Uncertainty surrounding trade is currently impacting energy development, particularly the procurement process for energy infrastructure projects. U.S.-imposed tariffs and quotas on steel and aluminum resulting from the Section 232 investigation have emerged as a real threat to the energy sector.
On March 8, 2018, President Trump concluded that steel and aluminum “are being imported into the United States in such quantities and under such circumstances as to threaten to impair the national security of the United States.” As a result, the president set global tariffs of 25 percent for steel and 10 percent for aluminum, beginning March 23, 2018. The proclamations left the door open to adjusting or removing the tariffs on other countries if the U.S. found a satisfactory alternative to the tariffs.

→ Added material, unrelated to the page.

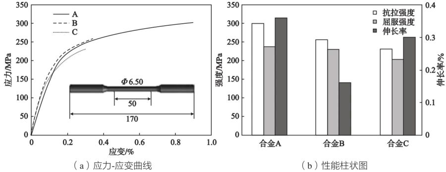 圖7 合金中的α-AlFeMnSi相尺寸分布及α-AlFeMnSi相縱橫比-頻率分布曲線 2.7?拉伸性能分析 圖8a為壓鑄Al-Si-Mg-Mn合金的拉伸應(yīng)力-應(yīng)變曲線。三種合金的鑄態(tài)屈服強(qiáng)度均超過(guò)了200 MPa,但三種合金幾乎沒(méi)有塑性。圖8b是三種不同共晶體積分?jǐn)?shù)的Al-Si-Mg合金的拉伸性能對(duì)比圖,合金A屈服強(qiáng)度達(dá)236 MPa,伸長(zhǎng)率僅0.36%;合金B(yǎng)屈服強(qiáng)度229 MPa,伸長(zhǎng)率約0.16%;合金C的屈服強(qiáng)度僅202 MPa,伸長(zhǎng)率0.3%。相比表1中常見(jiàn)牌號(hào)的壓鑄鋁合金,此三種合金的屈服強(qiáng)度更高,且該合金中沒(méi)有其他合金元素,如Cu、Zn等強(qiáng)化元素。

It appears quotas have become the preferred alternative to tariffs for the Trump administration. On May 31, 2018, the president issued two proclamations outlining quotas on steel from South Korea, Argentina and Brazil and a quota on aluminum from Argentina. South Korea was the first country to agree to modify its trade agreement with the U.S. It agreed to cap steel exports to the U.S. at 70 percent of the average export from 2015 through 2017. The South Korean agreement is often referenced by administration officials as solving the trade dispute and an example of how tariffs can push countries to beneficial ends. However, quotas have created uncertainty in the market, and many are concerned they may be even worse than tariffs. For example, several specific steel products reached their annual quota by May 1, 2018.
Attempting to alleviate the negative consequences of the Section 232 proclamations, the Trump administration created a process for requesting exclusions from both tariffs and quotas for certain steel and aluminum products. The Department of Commerce will grant an exclusion if a company shows the product is not produced in sufficient quantity or quality in the U.S., or if there is a specific national security need requiring the exemption. The Bureau of Industry and Security within the Department of Commerce is accepting the requests on behalf of the secretary.

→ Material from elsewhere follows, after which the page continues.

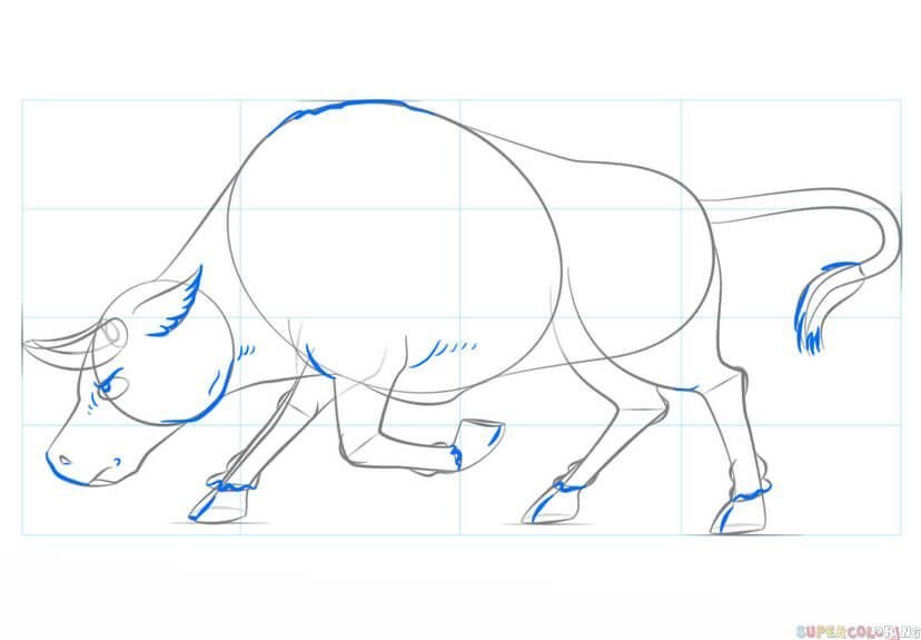 Поэтаповое рисование быка

On June 20, 2018, Secretary Wilbur Ross announced the first exclusions to the Section 232 proclamations. The Department of Commerce granted only 42 exclusions from seven companies and denied 56 steel exclusions. This was out of more than 20,000 requests.
Associations representing most of the oil and gas industry have sounded alarms over the interim final rule that governs the exclusion process and its lack of transparency. Companies want to know what metrics the Department of Commerce will use to determine whether the U.S. has sufficient capacity to meet demand, what metrics will be used to determine sufficient quality, whether companies can use internal quality assurance standards as a basis for a requested exclusions, and the length of the exclusion.
While the Section 232 process continues to evolve, McGuireWoods Consulting will continue to monitor the Department of Commerce’s progress and engage relevant decision-makers to ensure our clients receive the best possible guidance during these uncertain times.